Of course, before we go further, it’s probably relevant to discuss exactly what is meant by “consistency.” Willis points to a great Battle of Alberta post that focuses on the fact that a lot of times when a sports writer states that “(blank player/team) needs to become more consistent” the writer really wants to say that they needs to be better. 

When it comes down to it, being consistent and being great – while not mutually exclusive – can often be wildly different expectations. A great goalie might have some serious peaks and valleys, then again, an average goalie can be quite valuable if his performance is steady.
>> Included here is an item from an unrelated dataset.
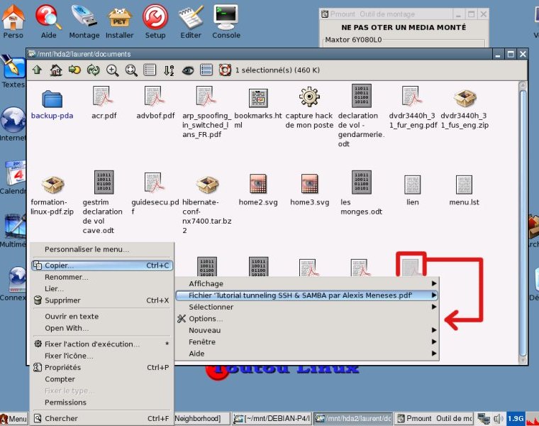 Premiers pas... Les choses sérieuses commencent, mais vous allez découvrir que ça reste d’une simplicité... Linuxienne :-) Commençons par parcourir le disque sur lequel vous voulez récupérer vos données ; pour cela vous avez un outil qui fait tout sur le bureau et qui se nomme PMOUNT dans le menu. L’appellation peut changer mais généralement il est représenté en haut par une clef USB. Cliquez dessus pour ouvrir la fenêtre de contrôle des périphériques de stockage : La fenêtre des périphériques s’ouvre, dévoilant les disques (partitions), périphériques USB, ou lecteur/graveurs de CD/DVD détectés. Sous Linux pour utiliser un disque il faut d’abord le « monter ». Ne nous étendons pas sur le pourquoi de cette opération, sachez seulement qu’après avoir monté un disque on peut (schématiquement) y lire ou écrire des données, et qu’à la fin de son utilisation il faut le « démonter » pour une sécurité maximale de l’intégrité des données. Sur l’exemple, nous montons la partition 2 du disque Maxtor IDE (hda2) qui contient des données. On notera que ce disque affiche un format EXT3 (courant sous Linux). Pour une récupération d’un disque XP, le format pourrait être NTFS ou FAT32 par exemple, et la partition disque s’appellerait HDA1 ou SDA1 (disque SATA) correspondant généralement au C:. De toutes les manières et dans le doute, vous pouvez monter et ouvrir toutes vos partitions dans le cadre du disque dur pour y retrouver vos données, nous ne faisons que les lire... L’opération de montage ouvre automatiquement le contenu de la partition dans une fenêtre (affichée dessous sur l’exemple). C’est un explorateur de fichier, simple ou même simpliste au premier coup d’oeil, mais qui comporte un liste d’options et d’opération conséquente. A noter qu’un seul clic gauche suffit pour ouvrir un fichier ou un répertoire... pas de double-clic habituel donc. Sur l’exemple, nous parcourons et ouvrons le dossier « Documents » en cliquant simplement sur l’icône du dossier. En faisant un clic droit de souris sur un document, on constate que l’on peut à loisir faire plusieurs opérations, voir les propriétés, exploiter le fichier, le sélectionner, supprimer, copier, etc... Le fonctionnement reste identique à ce qu’on peut connaître dans un explorateur Windows par exemple. Une sélection à la souris d’une « fenêtre » d’objets est possible, et surtout les touches CTRL et SHIFT vous permettent de sélectionner/désélectionner facilement les éléments que vous voulez prendre. Nous avons trouvé nos fichiers, nous décidons donc les sauver en les gravant sur un CD-RW. Passons à l’étape suivante....
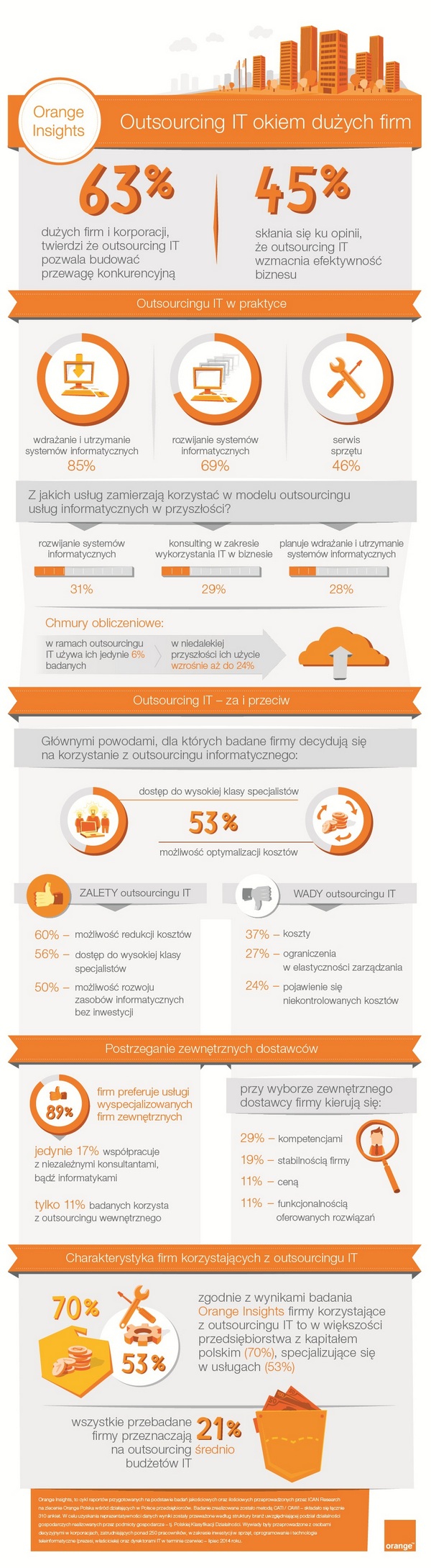 Orange Insights to cykl raportów przygotowanych na podstawie badań jakościowych oraz ilościowych przeprowadzonych przez ICAN Research na zlecenie Orange Polska wśród działających w Polsce przedsiębiorców. Badanie zrealizowane zostało metodą CATI / CAWI – składało się łącznie z 310 ankiet. W celu uzyskania reprezentatywności danych wyniki zostały przeważone według struktury branż uwzględniającej podział działalności gospodarczych realizowanych przez podmioty gospodarcze – tj. Polskiej Klasyfikacji Działalności. Wywiady były przeprowadzone z osobami decyzyjnymi w korporacjach, zatrudniających ponad 250 pracowników, w zakresie inwestycji w sprzęt, oprogramowanie i technologie teleinformatyczne (prezesi, właściciele) oraz dyrektorami IT – w terminie czerwiec – lipiec 2014 roku.

The funny thing about this list (being that it’s about consistency) is that it seems like a collage of the year’s most surprising goalies. Craig Anderson hasn’t just been outstanding this season, he’s been reliably outstanding. After bouncing back and forth from Detroit’s farm system, Howard has been a rock for the Red Wings. Tuukka Rask is producing similar results in Boston.
The two most interesting names are the last ones on the list: Carey Price and Jonathan Quick. Unlike the top three, Price and Quick do not have elite-level save percentages, yet they’re both in considerably different situations. Price came into the league with Chosen One type pressure and to the naked eye seems like a disappointment. On the other hand, Quick isn’t even the most renowned goalie named Jonathan in the Kings system, yet he’s sporting a Brodeurian workload.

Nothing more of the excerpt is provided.